从上面代码可以看到四个的时候是先确定中心点center，然后从左上到右下一次放图片。九个的时候是先将第一张图放在中心位置，然后从其上面逆时针一次是第二张到第八张图片。之后选择中心点进行裁剪。
为什么这样做呢？

在数据加载的时候希望图片的大小是640，进入网络的图像希望是1280，如果是四张图片，直接根据center对原图裁剪或padding后就可以使用，并且有更多可能性。九张图片拼接在一起就是1920，随机选择一个中心点裁剪也不妨碍，这里可以自定义，没有必须怎么样，只要注意image和label的变化过程要完全对应，image和label对应即可！

2. 模型

模型的详细构造就不再赘述了，重点关注的是最后的detect，模型主要抽取了三个layer，三个layer是不同的网络深浅，网络结构越靠前学习到特征越是小细节的特征，越靠后越深层学习的特征越是全局特征。
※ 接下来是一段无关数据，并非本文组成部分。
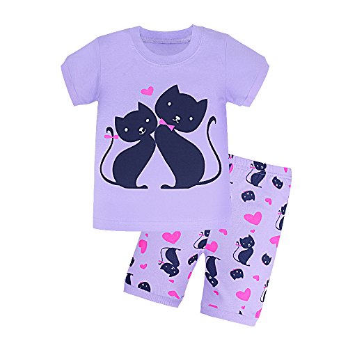 Feyg幼児用ガールズパジャマ、ベビー半袖パジャマセットwith Hearts印刷for 2 – 7歳 カラー: パープル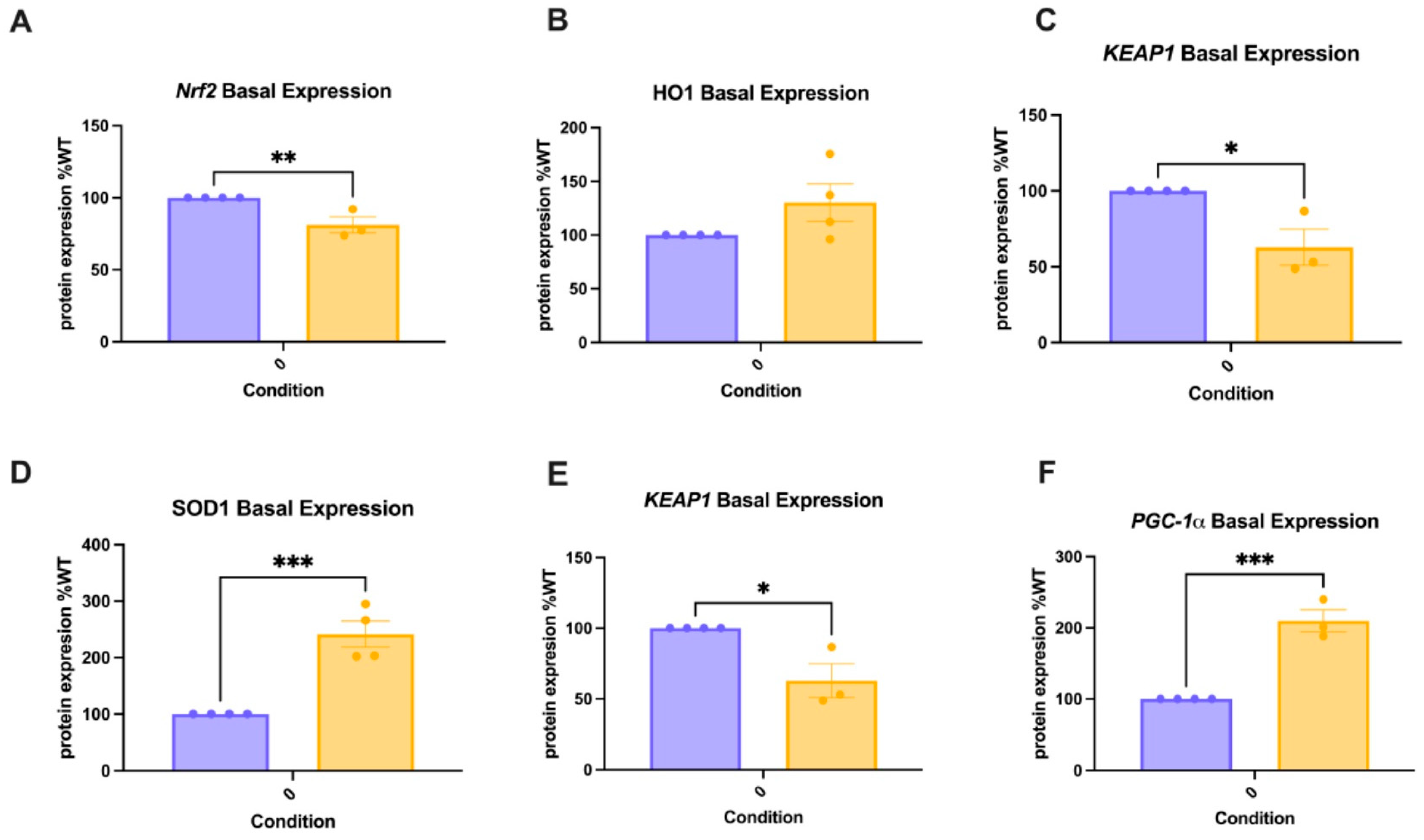 2.6. Mutant HD Regulates Basal Protein Levels of Oxidative Stress and Mitochondrial Dynamics Signaling Proteins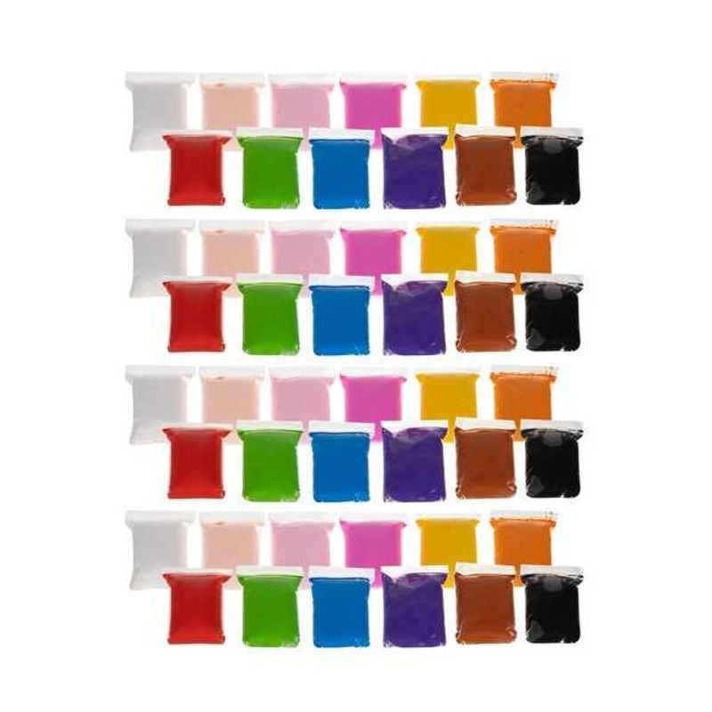 48 pungute de plastilina spuma modelabila in 12 culori - setul include 48 pungulete de plastilina spuma modelabila in 12 culori. Culorile sunt vii si frumoase, astfel incat incurajeaza distractia si creativitatea. Ele arata, de asemenea, minunat dupa ce sunt finisate. Avantajul consta si in combinatia de culori, cand dorim sa cream o culoare care nu se afla in set, pur si simplu combinam culorile intre ele, astfel se creeaza o noua nuanta.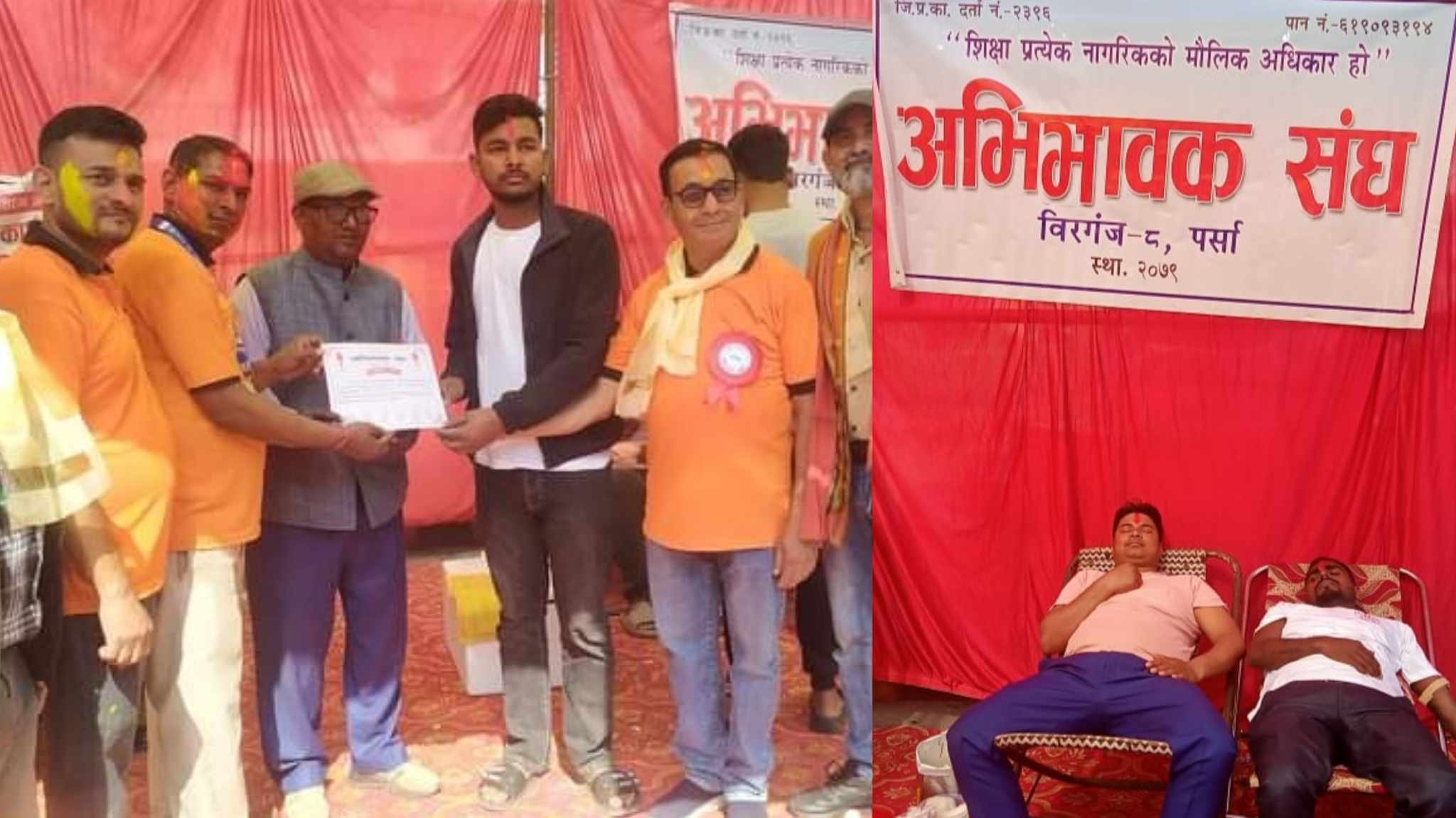 वीरगंज । अभिभवक संघ पर्साकाे आयाेजनामा शनिबार वीरगंजमा रक्तदान कार्यक्रम सम्पन्न भएकाे छ । वीरगंजकाे घण्टाघरस्थित भएकाे कार्यक्रममा ४ महिला सहित ६२ जनाले रक्तदान गरेकाे अभिभावक संघका अध्यक्ष सन्दिप साहले जानकारी दिए ।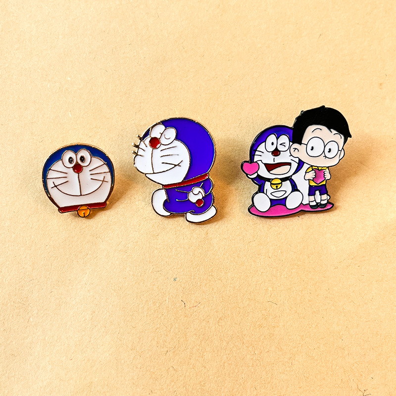 These 3 charming Doraemon pins (with Nobita, heart details) brim with nostalgic, playful charm—capturing the classic cartoon’s warmth. Ideal for fans to add cute style to bags/jackets; great for daily wear or showcasing your beloved Doraemon collectibles.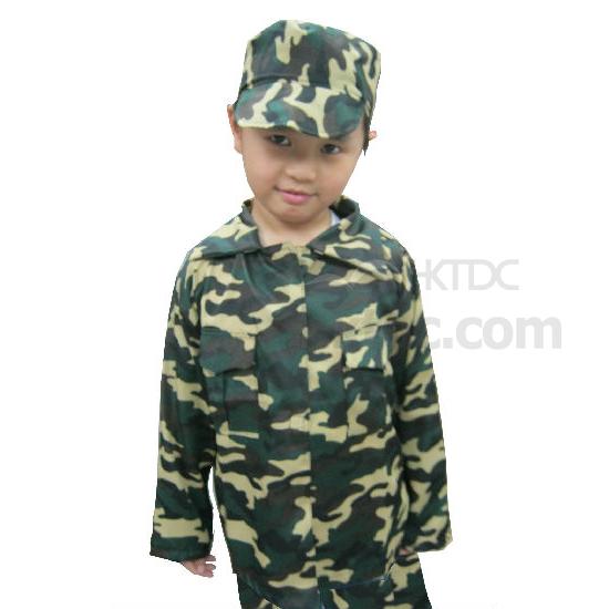 This army suit set is made of woven polyester and is suitable for kids aged 5-10. It includes a long-sleeved army uniform in camouflage patterns, a pair of matching pants, and a hat. The army suit set is comfortable to wear and is excellent for kids to play dress up.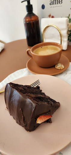 Fui na Âme com minha irmã na tarde de domingo(14/01/24). O espaço é pequeno, tem 2 mesas na parte interna e algumas mesinhas na calçada, mas bem aconchegante. A loja tem uma boa variedade de bolos e doces, que são oncarro chefe. Pedimos 2 fatias de bolo: Cacau & Berries e Lemmon & Berries. Para acompanhar, pedi um cappuccino de Pistache. Os bolos estavam deliciosos, a massa é úmida e bem macia por dentro. Apesar de eu ter escolhido o Lemmon & Berries, meu preferido foi o Cacau & Berries. Mas achei bem gostoso o Lemmon & Berries tbm. Ambos os bolos combinam muito bem com a acidez das frutas vermelhas.....mas por eu não gostar de algo muito doce, o Cacau & Berries ficou melhor no meu paladar. No final achei que estava ficando doce demais para o meu paladar, por conta da cobertura de brigadeiro de ambos os bolos. Tanto que pensei: acho que pegar um bolo pra cada foi muito, pois minha irmã não costuma comer muito e eu não curto algo muito doce, então acho que dava certinho. Ou senão, um bolo ao estilo Naked Cake teria ficado perfeito. E se bobear faria eu ter comido 2 fatias sozinho. O cappuccino de pistache achei interessante e agrada muito visualmente, porém acho que faltou um pouco mais de sabor da calda, fiquei com a sensação de ter bebido um cappuccino italiano decorado com pistache. Apesar de eu ter feito várias "críticas ", mais por conta do meu paladar que é chato mesmo kkkkk, achei os bolos da Âme deliciosos. A massa e a combinação, tanto do chocolate quanto o limão, com as frutas vermelhas prevaleceram demais na minha memória gustativa.

对于每一层的特征都会预测三个anchor，最终detect会得到一个长度为3的list，表示每个Layet的结果，其中每个元素的shape为【batch,anchor_no，character_size_width，character_size_height，11】，其中11=【x,y,w,h，置信度，one_hot_6_classes】
在这里插入图片描述

class Detect(nn.Module):
    stride = None  # strides computed during build
    export = False  # onnx export
    end2end = False
    include_nms = False
    concat = False

    def __init__(self, nc=80, anchors=(), ch=()):  # detection layer
        super(Detect, self).__init__()
        self.nc = nc  # number of classes
        self.no = nc + 5  # number of outputs per anchor
        self.nl = len(anchors)  # number of detection layers
        self.na = len(anchors[0]) // 2  # number of anchors
        self.grid = [torch.zeros(1)] * self.nl  # init grid
        a = torch.tensor(anchors).float().view(self.nl, -1, 2)
        self.register_buffer('anchors', a)  # shape(nl,na,2)
        self.register_buffer('anchor_grid', a.clone().view(self.nl, 1, -1, 1, 1, 2))  # shape(nl,1,na,1,1,2)
        self.m = nn.ModuleList(nn.Conv2d(x, self.no * self.na, 1) for x in ch)  # output conv

    def forward(self, x):
        # x = x.copy()  # for profiling
        z = []  # inference output
        self.training |= self.export
        for i in range(self.nl):
            x[i] = self.m[i](x[i])  # conv
            bs, _, ny, nx = x[i].shape  # x(bs,255,20,20) to x(bs,3,20,20,85)
            x[i] = x[i].view(bs, self.na, self.no, ny, nx).permute(0, 1, 3, 4, 2).contiguous()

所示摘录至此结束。